I may one day give her American Songbook projects (Lush Life, etc.) more of a serious listen, or even her mariachi records. But for now the fancy getups, the mannered hairdos, the crinkly-nose smiles of those undertakings just don’t interest me. Even as I find I’m more interested than ever in her.
I’ve mentioned I was a solitary kid. But thinking back on those days and my love of Linda Ronstadt doesn’t make me feel sad or like something I want to distance myself from (though I did distance myself from it for a long time). I feel incredibly attached to this music. These are all really fond memories.
I’ve never met anyone in adulthood who shared my passion for Linda—not my current partner, not my previous one, not any friends I can think of. I don’t know why that is.

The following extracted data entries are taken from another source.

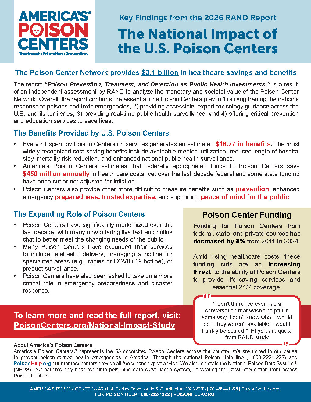 The RAND study, Poison Prevention, Treatment, and Detection as Public Health Investments, analyzed the economic and public health impact of U.S. Poison Centers and confirmed their value to communities across the country.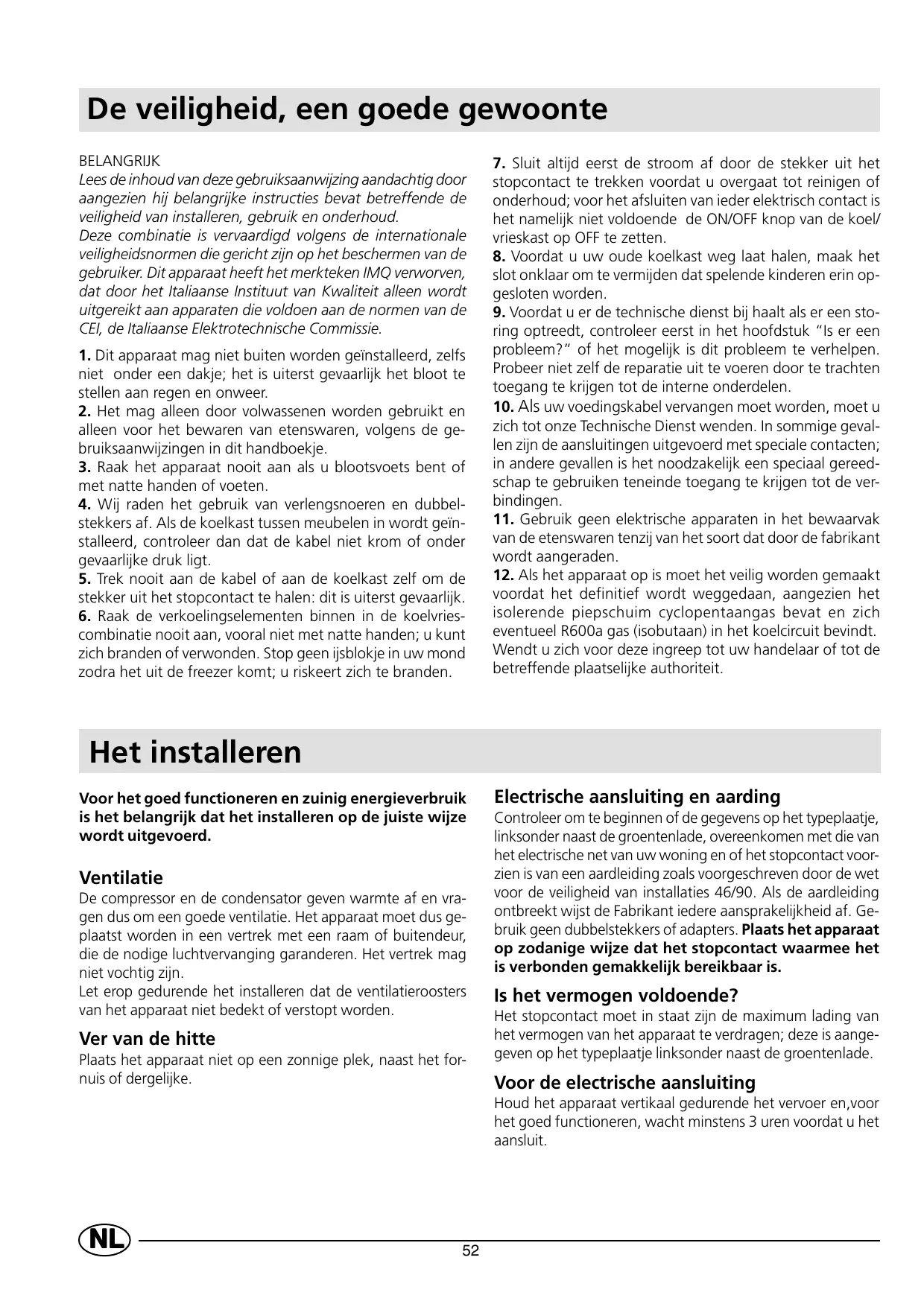 De veiligheid, een goede gewoonte BELANGRIJK Lees de inhoud van deze gebruiksaanwijzing aandachtig door aangezien hij belangrijke instructies bevat betreffende de veiligheid van installeren, gebruik en onderhoud. Deze combinatie is vervaardigd volgens de internationale veiligheidsnormen die gericht zijn op het beschermen van de gebruiker. Dit apparaat heeft het merkteken IMQ verworven, dat door het Italiaanse Instituut van Kwaliteit alleen wordt uitgereikt aan apparaten die voldoen aan de normen van de CEI, de Italiaanse Elektrotechnische Commissie.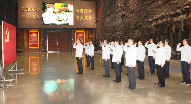 鞍鋼集團(tuán)黨史學(xué)習(xí)教育專題讀書班學(xué)員到鞍鋼博物館重溫入黨誓詞。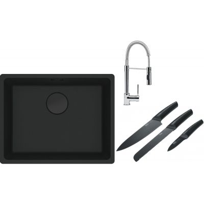 Franke Maris MRG 110-52 zlewozmywak 52x40 cm Fragranite czarny mat z baterią kuchenną Coxy chrom (1250697759, 1150159732)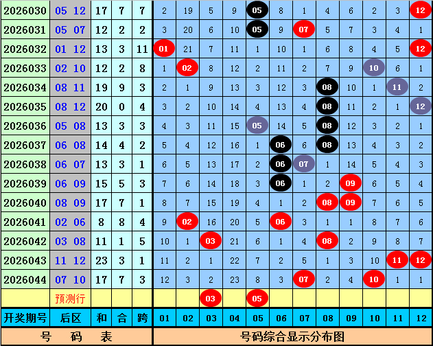 后区第二位分析分析:在第045期历史同期开奖中,该位号码升重降次数比为10:2:6,出现范围在04-12区间,最近5年后区第二位分析号码升重降次数比为2:2:1,出现范围在05-09,对比最近几年同期号码,今年第045期看好后区第二位分析号码逐渐下降,关注号码05。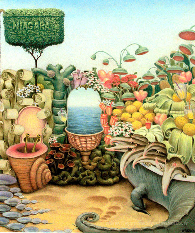 Nous vous proposons une reproduction artisanale sur toile du célèbre tableau 'Niagara' de Jacek Yerka, provenant du Musée de la Reproduction.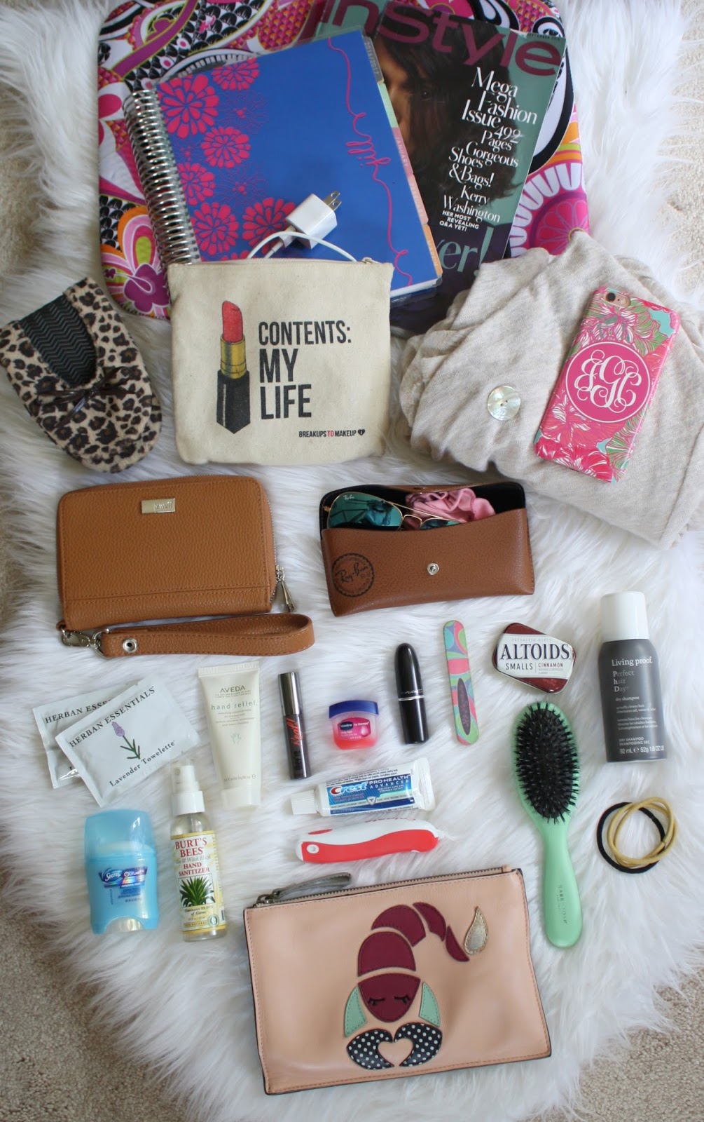 I use a small makeup bag for my emergency kit, it’s full of a few fix-me-up items. A hairbrush, hair ties, and dry shampoo. Lip balm, lipstick, mascara, and facial wipes. Mini toothbrush, toothpaste. Nail file, hand cream, hand sanitizer, mini deodorant, and facial wipes. I also carry tissues and Tylenol.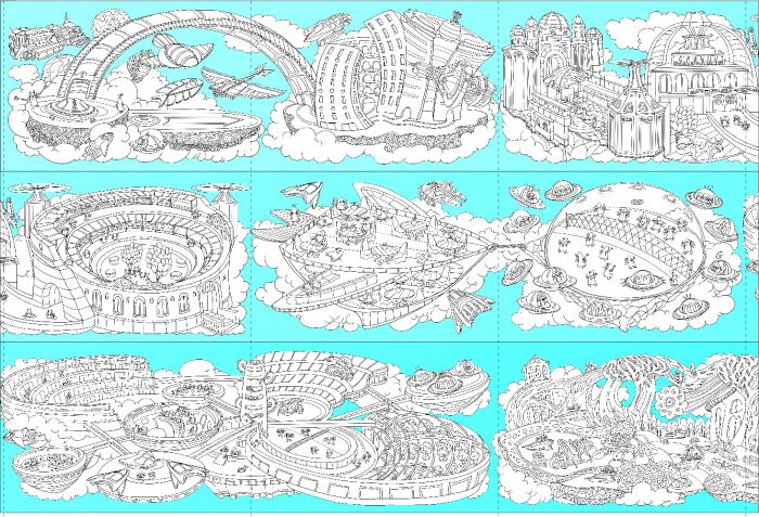 На небі Довжеле-е-е-езна подорож 4,5 метри розмальовки Ранок. Розмальовки серії «Довжеле-е-е-езна подорож» завдовжки 4,5 метри! Незвична форма сприяє тому, щоб з головою зануритися у творчий процес: від розфарбовування химерних будівель та дивакуватих мешканців не доведеться відволікатися на перегортання сторінок. Ретельно промальовані, деталізовані пейзажі фантастичних мегаполісів не тільки пробуджують уяву, а й гарантують те, що розмальовки вистачить надовго, навіть, якщо розфарбовувати її безперервно.

She still has millions of fans, as the crowds at her appearances have proved. I just don’t seem to know any of them.
Linda is at a tough point in her life right now, no longer able to sing and dealing with a serious diagnosis, but here is what I’ve gleaned: She has a lot of friends, two kids she’s proud of, an accomplished and varied body of work to look back on, a fierce engagement with issues she cares about, such as immigration, and—what I’ve never really appreciated till recently—the great respect of her fellow musicians. There’s nothing deficient about her at all (or about me). In short, a life well lived, generously and unpretentiously, whose latest turn she seems to be facing with equanimity and acceptance. I wish her well.
The biggest surprise: After all these years, I find I’m still growing into her.